◆ DATASET EXTRACT
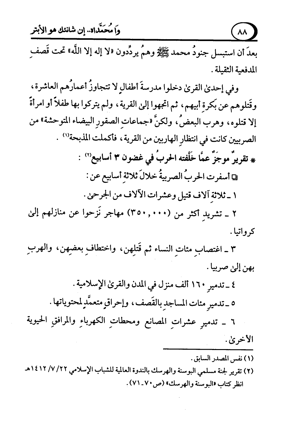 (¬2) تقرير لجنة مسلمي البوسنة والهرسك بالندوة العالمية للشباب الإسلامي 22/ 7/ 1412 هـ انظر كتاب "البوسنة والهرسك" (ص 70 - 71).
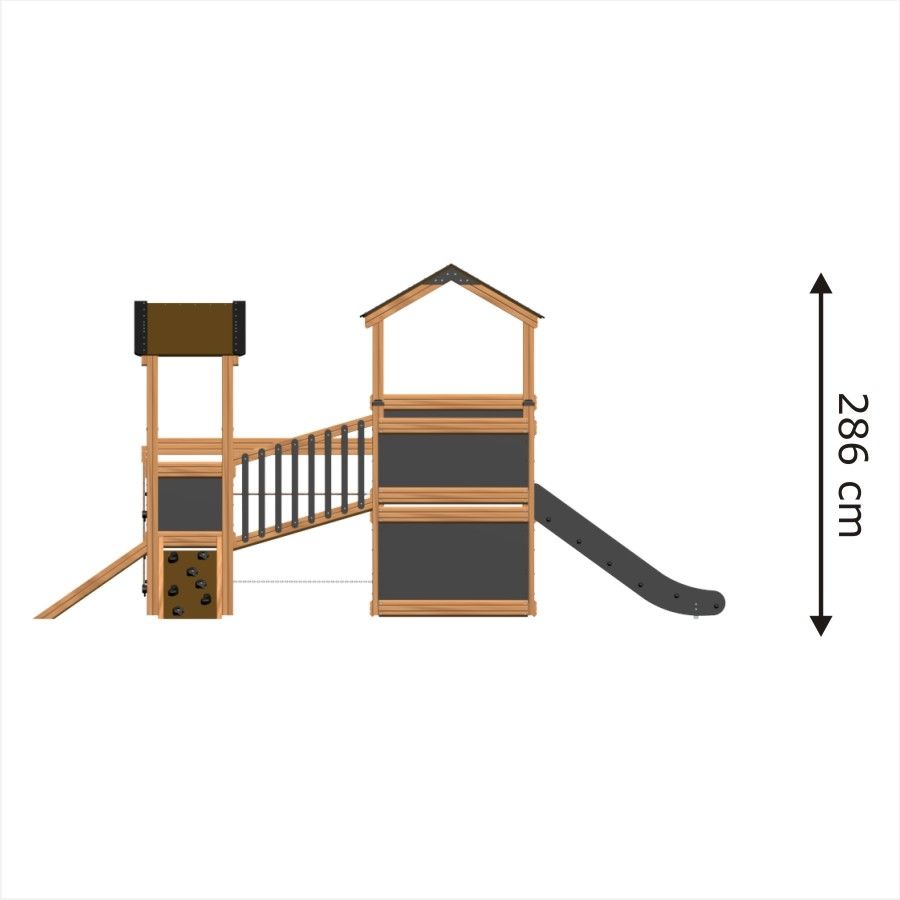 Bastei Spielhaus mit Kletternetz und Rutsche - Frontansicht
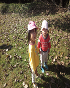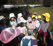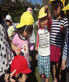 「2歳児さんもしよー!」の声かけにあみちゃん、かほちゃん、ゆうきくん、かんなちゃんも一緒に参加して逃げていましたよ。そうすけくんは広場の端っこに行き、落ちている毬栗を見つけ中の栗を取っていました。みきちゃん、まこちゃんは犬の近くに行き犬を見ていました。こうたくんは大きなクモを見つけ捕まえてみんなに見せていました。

◆ ASSIGNMENT
Please set down the whole listing exactly, apart from the pictures.

◆ ANSWER FOR THIS EXERCISE
 (¬2) تقرير لجنة مسلمي البوسنة والهرسك بالندوة العالمية للشباب الإسلامي 22/ 7/ 1412 هـ انظر كتاب "البوسنة والهرسك" (ص 70 - 71).
 Bastei Spielhaus mit Kletternetz und Rutsche - Frontansicht
 「2歳児さんもしよー!」の声かけにあみちゃん、かほちゃん、ゆうきくん、かんなちゃんも一緒に参加して逃げていましたよ。そうすけくんは広場の端っこに行き、落ちている毬栗を見つけ中の栗を取っていました。みきちゃん、まこちゃんは犬の近くに行き犬を見ていました。こうたくんは大きなクモを見つけ捕まえてみんなに見せていました。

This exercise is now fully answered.